[Start of section]
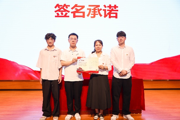 为把“政治生日”的外在仪式转化为党员党性意识的自觉提升,全体党员逐一上台,在入党誓词旁郑重签下自己的姓名,时刻提醒自己履行政治承诺,做表率、当先锋,奋力书写为中国式现代化挺膺担当的青春篇章。活动在庄严的国际歌中落下帷幕。
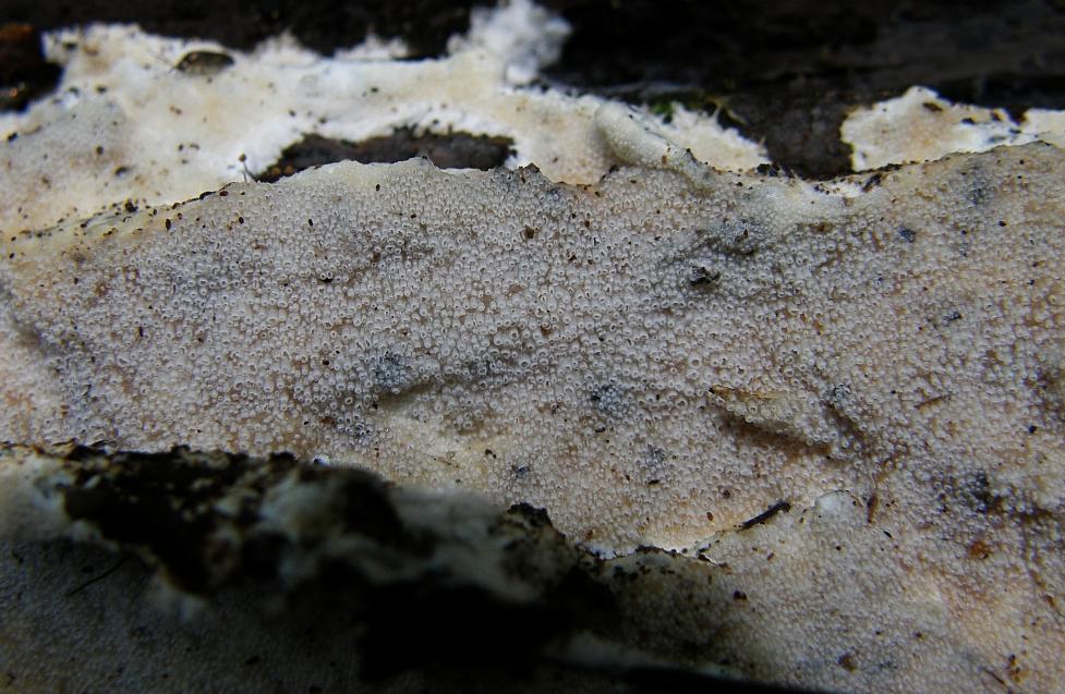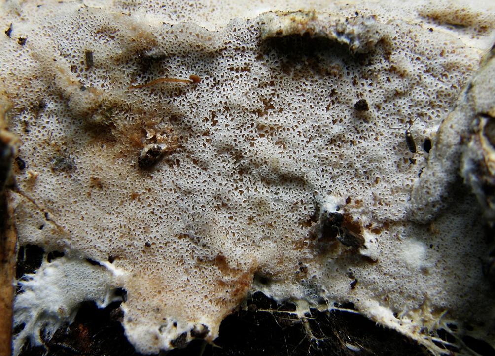 Da dürfte es eher eine Verwandschaft zu Ceriporia geben, da auch diese Arten zwischen Porlingen und Cyphelloiden Pilzen stehen. Ebenso wie ja auch die Ochsenzunge.
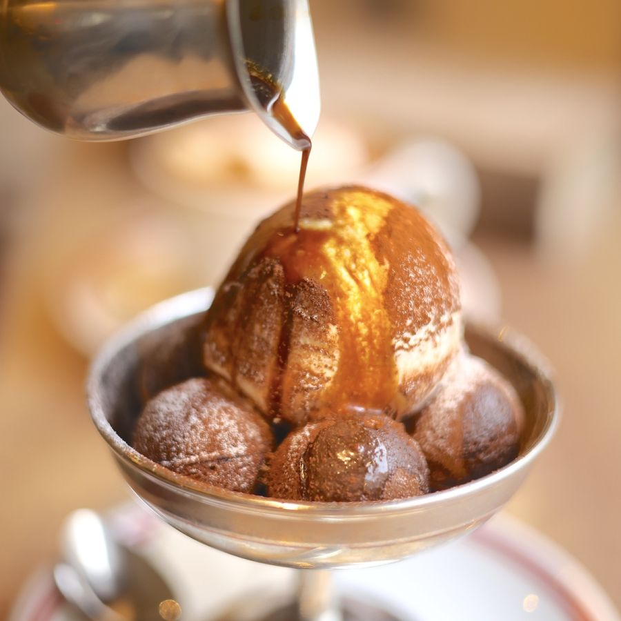 温かいロンシュクレにひんやりとしたバニラのジェラートをどどんとトッピング。
[End of section]
Your task is to retype exactly, and only, the lines from the one that holds "Da dürfte es" through the end of the listing, both end lines included, without any pictures.

 Da dürfte es eher eine Verwandschaft zu Ceriporia geben, da auch diese Arten zwischen Porlingen und Cyphelloiden Pilzen stehen. Ebenso wie ja auch die Ochsenzunge.
 温かいロンシュクレにひんやりとしたバニラのジェラートをどどんとトッピング。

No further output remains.